Worst Christmas Gifts for Grandparents
Grandparents don't really want a Kewpie Doll
Christmas gifts for grandparents are not always easy decisions. Before grabbing the first thing you see on the shelf, take time to really think about the intended recipients, like, their ages, physical abilities, interests, and needs.
Don't say you don't know much about them. If they're your grandparents, you should know a great deal about their abilities, likes, dislikes, and interests. If they live a great distance from you, contact should be made more than once a year. A few phone calls, now and then, could keep you abreast about what they're doing, and what's happening in their lives.
Many times, people ponder and shop in depth to find the perfect gift for a co-worker or friend. The energy and thoughtfulness set forth on gift giving outside the family, sometimes, seem to be more important than getting a gift for grandparents. Often the most elaborately wrapped, most expensive, and thoughtful gifts are presented to friends or employers.
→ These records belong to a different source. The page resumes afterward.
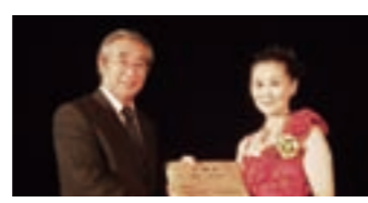
Shibukawa Tourism Ambassadors

In order to promote its abundant tourism resources, the city has asked many notable public figures associated with Shibukawa City to act as tourism ambassadors. They include opera singer Kazue Morinaga, enka (Japanese ballad) singer Hiromasa Shimizu, broadcaster Yuri Osawa and kimono designer Nobuaki Tomita.
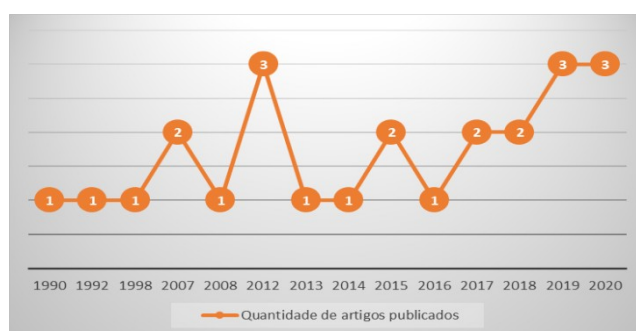
GRÁFICO 1 - Publicações por ano

Das vinte e quatro publicações examinadas, três eram da década de 1990 (uma em 1990, uma em 1992 e uma em 1998); três na década de 2000 (uma em 2007 e duas em 2008); e dezoito da década de 2010 (três em 2012; uma em 2013; uma em 2014; duas em 2015; uma em 2016; dois em 2017; três em 2018; em 2019 e em 2020), conforme o gráfico abaixo (Gráfico 1):
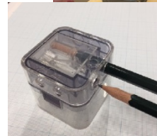
▲鉛筆削り器と東京ペンシルラボ
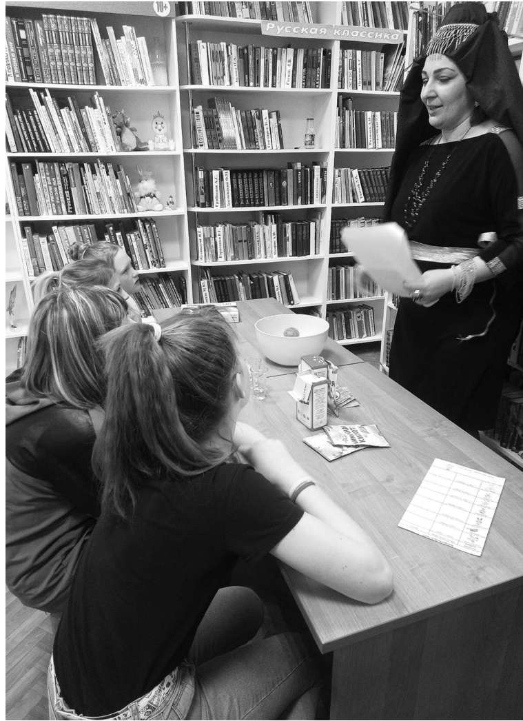
Школьники с интересом погрузились в мир космоса

Каждый библиотекарь вложил частичку своего творчества в организацию
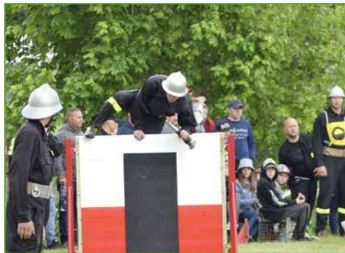
Zawody gminne w Tylicach

Drużyny, które zajęły trzy pierwsze miejsca wzięły udział w zawodach powiatowych w Kurzętniku. Drużyna męska z OSP Gwiżdżyny zajęła w klasyfikacji generalnej trzecie miejsce i będzie reprezentować naszą gminę na zawodach wojewódzkich. Tuż za podium uplasowali się druhowie z Chrośla. Do nich należał też najlepszy czas zawodów w konkurencji sztafety pożarniczej. Najlepsze z panów były drużyny z OSP Lekarty, które zakończyły rywalizację na siódmym miejscu.
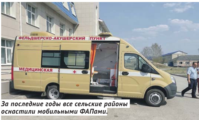
За последние годы все сельские районы оснастили мобильными ФАПами.

в Новосибирске, что кардинально изменит в лучшую сторону качество медицинского обслуживания в областном центре.
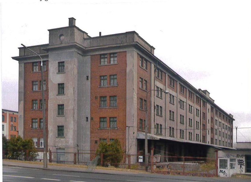
Fot. 1. Elewacja zachodnia (od ul. Wierzbickiej) i elewacja południowa z rampą przeładunkową (powyżej).
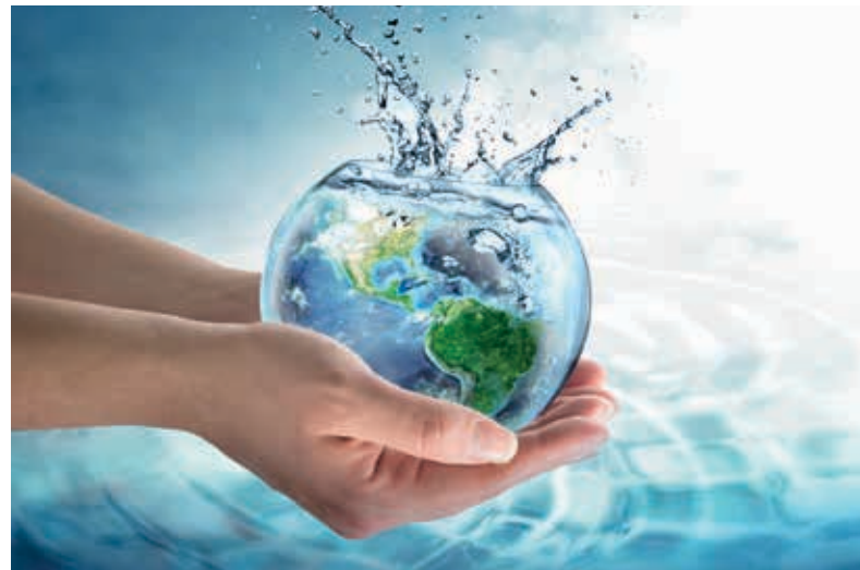
Ein Arbeitsbereich von Molinaris: Innovative Lösungen zur Nutzung von Energie durch Wärmerückgewinnung aus Abwasser.

Bei uns ist die Ausbildung zur Bürokauffrau/Bürokaufmann und Dachdecker Geselle/in möglich. Wir bewerten die Bewerber ausschließ-
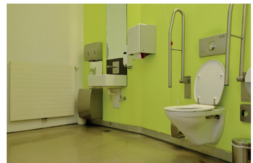
Barrierefreies WC 2. OG
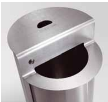
Particolare del coperchio/posacenere
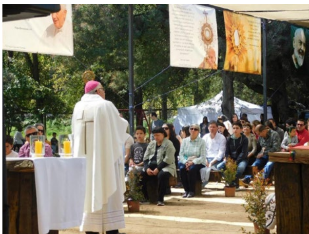
En una masiva eucaristía, celebrada por el obispo de Rancagua en los campos de la parroquia, se agradeció por esta nueva fiesta patronal de la Sagrada Familia.
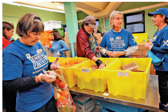
▲紐約生活成本上漲，慈善機構10月30日為陷入困境的市民準備救濟糧。
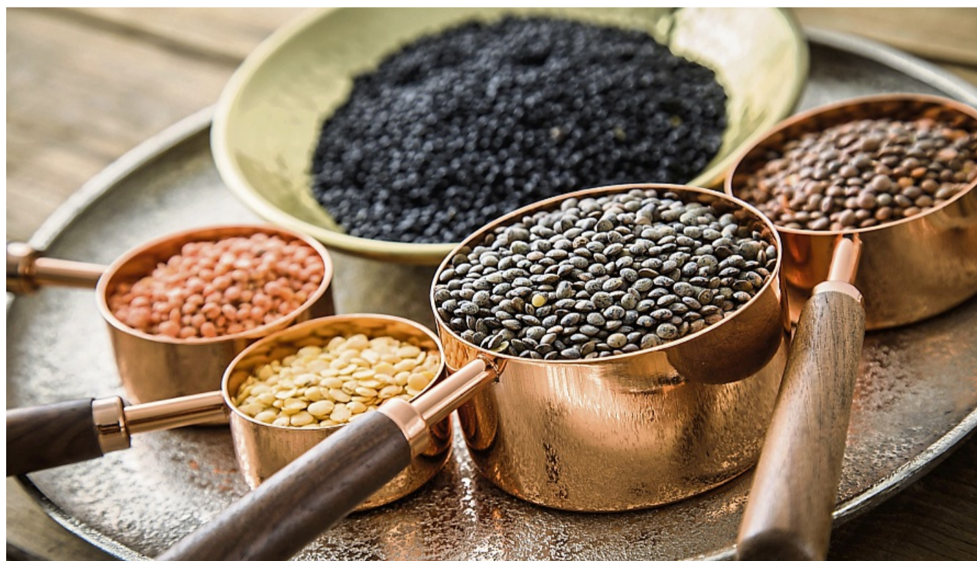
Von Rot über Gelb und Braun bis Schwarz – die Auswahl an unterschiedlichen Linsensorten ist groß.

und hat ein nussiges, erdiges Aroma“, schwärmt Häußler. Ein Erlebnis, das man im Mund fühlen könne.

Some of the worst Christmas gifts given to grandparents include:
Cookbooks: Unless they are avid chefs or entertain often, most likely they already have more than enough recipes.
Romantic Getaway Subscriptions: It's doubtful exotic sex-filled weekend rendezvous are in their top 10 list of things to do.
Funky Ties: A gift of ties will not get oohs and aahs from most men, let alone your grandfather. Besides, most retirees enjoy the casual life, and this does not include dressing for corporate success.
Sexy Lingerie: Probably see-thru bras, rhinestone-studded thongs and feathered high-heeled slippers are not on your grandmother's wish list. Hey, she's already been there and did that scene!
Pets: Unless a pet is specifically requested, don't assume they would enjoy a puppy or kitten. Granted, most everyone loves animals, but puppies chew, and kittens scratch. The stress of housebreaking or risk of the animal getting caught underfoot could cause grandparents to fall, break bones, or suffer permanent injuries.
Video Games: Neither grandparent is likely to get excited about shoot-em-up war games, wicked villain-filled castles, or child-like racing games. They might not be computer savvy and, for them, pinball, space monsters, or bionic creatures have long by the wayside many years ago.
Candy and Nuts: Cute metal boxes stacked into towering monstrosities are probably not desired. They might be unable to chew things like caramel, popcorn, taffy, or nuts. Or, they might have diet restrictions.
A Set of Fake Nails: Although a manicure or pedicure is a wonderful experience, it's unlikely that a grandmother really cares whether her nails are purple, or embellished with artful decals or rhinestones.
Boxes of Fruit: Of course, fruit is a delightful taste bud treat, but boxes or baskets laden with a dozen or more fruits, can be more than two elderly people will or can consume. And, if they wanted an orange or banana, they can easily pick them up at the grocer.
Gag Gifts: Stay away from outlandish t-shirts imprinted with things like “stud muffin” or “sex goddess,” donkeys or other animals disguised as candy dispensers that poop candy when their tail is lifted, or singing fish! Any of these things would be cherished about as much as butt-rash!
Rock Climbing Lessons: Don't even suggest your grandfather really wants to rock climb, bungee jump, hang-glide, or hunt rattlesnakes. If he wanted to do these types of things, he would have, probably, before you came on the scene. Just because you think it would be fun, doesn't mean it's suitable for grandparents.